SQLServerCentral Article

Divide and Conquer - Performance Tuning

,

An interesting example came up recently on SQL Server Central that required a combination of grouping and pivoting which ended up in some T-SQL that could cripple your server. The example link is here. It required all workers to be grouped together that shared the same combination of rate codes regardless of the order. I’ll try to explain why the posted solution can cause problems and how to avoid them while demonstrating that sometimes you have to divide a problem in order to conquer it.

Preparation

Firstly, let’s set up the example data in such a way that we can scale it to truly put it through its paces. The code below creates our example data to query.

declare @worker_rate table (
  worker_id int
  ,rate_code nvarchar(10)
)
declare @rows int = 10000 --How many rows of data to create
--Create test data
;with tt(x) as (
  select row_number() over (order by (select null)) from
    (values (0),(0),(0),(0),(0),(0),(0),(0),(0),(0)) x10 (n),
    (values (0),(0),(0),(0),(0),(0),(0),(0),(0),(0)) x100 (n),
    (values (0),(0),(0),(0),(0),(0),(0),(0),(0),(0)) x1000 (n),
    (values (0),(0),(0),(0),(0),(0),(0),(0),(0),(0)) x10000 (n),
    (values (0),(0),(0),(0),(0),(0),(0),(0),(0),(0)) x100000 (n),
    (values (0),(0),(0),(0),(0),(0),(0),(0),(0),(0)) x1000000 (n),
    (values (0),(0),(0),(0),(0),(0),(0),(0),(0),(0)) x10000000 (n)
)
insert into @worker_rate (worker_id, rate_code)
select top(@rows) tt.x, rc.code
from tt
inner join (values ('a'),('b'),('c')) rc(code) 
  on (tt.x % 4) <> 0 
  or rc.code <> 'c'

This will create 10,000 rows in the table with all workers having all the rate codes with the exception that every recurring fourth worker does not have rate code “c”. A small sample is given here.

Worker_id    Rate_Codes

1            a, b, c

2            a, b, c

3            a, b, c

4            a, b

5            a, b, c

I’m using one of the fastest ways of generating rows using TOP and a Tally Table that only joins the next level when it needs to. This has been covered in many articles so I won’t go into detail here only to say that it is fast when used correctly.

Setting the scene

The task was to group all workers who had the same combinations of rate codes and we are assuming that the order of the rate codes is irrelevant. The solution presented was this.

;With cte AS (
  select distinct t1.worker_id,AllRateCodes.SetOfCodes from @worker_rate t1
  cross apply
  (
    SELECT SetOfCodes = STUFF((SELECT ',' + t2.rate_code
    from @worker_rate t2
    where t1.worker_id = t2.worker_id
    ORDER BY rate_code
    FOR XML PATH('')),1,1,'')
  ) AllRateCodes
)
SELECT t1.worker_id, t1.SetOfCodes, DENSE_RANK() OVER (ORDER BY t1.SetOfCodes) AS SNO
FROM cte t1
ORDER BY t1.SetOfCodes

What this query returns if you just take the first four rows of example data is shown here. It gives the first three workers the same SNO id which effectively groups them together as they have the same combination of rate codes.
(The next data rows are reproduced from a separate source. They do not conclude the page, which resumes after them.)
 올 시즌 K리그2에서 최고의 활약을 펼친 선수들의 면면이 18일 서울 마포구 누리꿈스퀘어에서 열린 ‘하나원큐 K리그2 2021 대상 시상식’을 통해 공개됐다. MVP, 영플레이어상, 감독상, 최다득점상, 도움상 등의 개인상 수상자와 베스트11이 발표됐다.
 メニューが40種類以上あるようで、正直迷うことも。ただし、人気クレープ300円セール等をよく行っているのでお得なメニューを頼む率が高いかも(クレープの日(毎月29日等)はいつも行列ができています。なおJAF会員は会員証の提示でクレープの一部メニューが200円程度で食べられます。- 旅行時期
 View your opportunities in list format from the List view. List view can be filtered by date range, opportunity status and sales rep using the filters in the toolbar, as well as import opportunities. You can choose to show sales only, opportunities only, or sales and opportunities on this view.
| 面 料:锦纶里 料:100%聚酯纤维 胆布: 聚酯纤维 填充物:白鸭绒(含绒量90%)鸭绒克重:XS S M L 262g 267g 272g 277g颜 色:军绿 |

Worker_id       SetOfCodes     SNO

1               a,b,c          1

2               a,b,c          1

3               a,b,c          1

4               a,b            2

Now this is indeed a clever piece of SQL using CROSS APPLY with the XML method of generating an ordered list of comma separated rate codes for each worker then grouping by that list to achieve the desired results. However, a few problems exist and I’ll try to explain what they are so you can avoid them. Some were set up by me to highlight known issues with SQL Server.

Investigation of existing solution

First we look at what happens with the original query when we use 10,000 rows. The Actual Execution plan comes back as shown in the diagram below. It’s really important to understand the Actual Execution Plan (AEP) as it tells you exactly what is happening behind the scenes. I’m using a nice little utility called SQLPRep which takes your T-SQL and produces a performance report giving you all the inner workings of your T-SQL including any called routines. It’s the AEPs that we are interested in.
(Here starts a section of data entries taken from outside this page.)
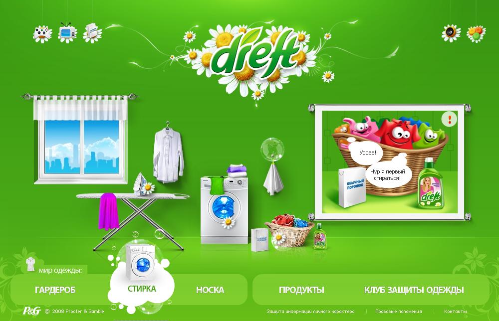 Procter&Gamble борется за права одежды на www.dreft.ruРазрабатывая средство для стирки Dreft Delicates&Color, специалисты компании Procter&Gamble столкнулись с тем, что потребители не всегда знают, что одежде из деликатных тканей (шелка, шерсти, шифона, вискозы) нужен особый уход. Для того, чтобы показать человечеству жизнь деликатной одежды её же глазами, компанией был применен нестандартный маркетинговый ход - создан креативный сайт www.dreft.ru.На страницах сайта платья жалуются на долгое висение на вешалках, свитера - на заломы при складывании, блузки - на тесноту, от которой они могут помяться и т.д. А еще все вместе вещи из деликатной ткани боятся стирки обычным универсальным порошком, который разрушает тонкие волокна их тканей. Предметы гардероба мечтают быть постиранными Dreft. Все потому что жидкий Dreft создан специально для бережного ухода за одеждой. www.dreft.ru получил награду Russian Flash Awards 2008 в номинации "Коммерция", как лучший коммерческий проект. Dreft Delicates&Color содержит уникальный запатентованный компонент Fiberflex, поддерживающий эластичность волокон и предотвращающий потерю формы и цвета деликатной одежды во время стирки. Теперь, стирая вещи Dreft Delicates&Color, Вы можете быть уверены, они не потеряют прежнюю форму и цвет. Ваше бережное отношение к одежде будет вознаграждено ее долгой службой. |
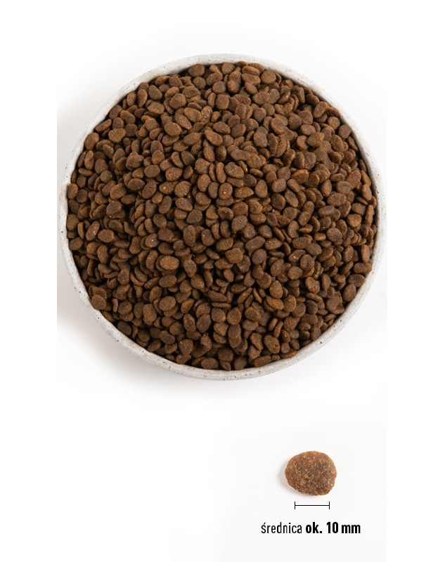 A tápszemcséket fagyasztva szárított májjal vontuk be, intenzívebbé téve az ízeket, illatokat
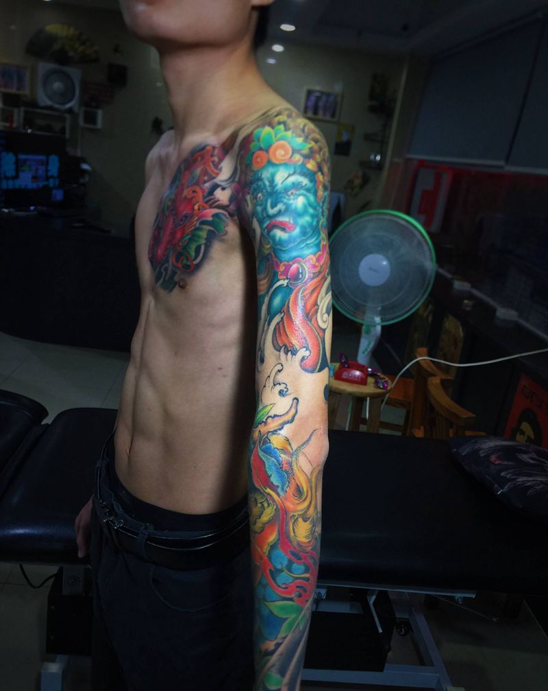 当前位置: 首页 >广东省深圳市纹身店-深圳鬼舞刺青工作室纹身图案>半甲花臂纹身图片_手臂新传统纹身图案
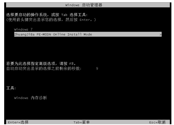 4、重启电脑后会出现windows启动管理器界面,我们选择第二个进入电脑的pe安装系统。

The image shows the AEP taken from the report which is formatted to show key areas. On the left is the number of times an operation is executed followed by how many rows are involved so “10x50r” means ten times we cycle through 50 rows. The percentage next to these tells us how much elapsed time is spent on that particular operation as a portion of the whole time shown at the bottom underlined. Each operation is shown in bolded text, if it is coloured then we should pay particular attention to it as it could be a cause of serious slowdowns.
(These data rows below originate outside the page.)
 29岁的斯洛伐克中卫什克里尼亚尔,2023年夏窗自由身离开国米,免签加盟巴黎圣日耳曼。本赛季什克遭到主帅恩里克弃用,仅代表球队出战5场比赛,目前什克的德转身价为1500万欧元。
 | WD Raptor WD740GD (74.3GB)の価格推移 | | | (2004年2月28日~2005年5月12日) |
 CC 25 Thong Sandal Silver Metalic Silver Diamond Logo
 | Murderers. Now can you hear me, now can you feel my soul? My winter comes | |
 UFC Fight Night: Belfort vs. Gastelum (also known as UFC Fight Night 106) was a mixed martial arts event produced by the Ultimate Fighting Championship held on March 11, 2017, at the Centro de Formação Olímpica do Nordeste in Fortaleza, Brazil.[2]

The AEP is a tree structure with each line operating on the result of the line below it or in the case of a nested loops operation, the two lines below it that are one level deeper so in the example below the Table Scan and the UDX are joined together in the Nested Loops operation. A good place to start when trying to understand AEPs is this great book and you may find the diagrammatic form easier to read when starting out but is more time consuming once you know what you are looking for in a glance.

The final line tells us how much CPU time on the server was taken up processing this T-SQL and how much time was actually taken up overall for the T-SQL to run.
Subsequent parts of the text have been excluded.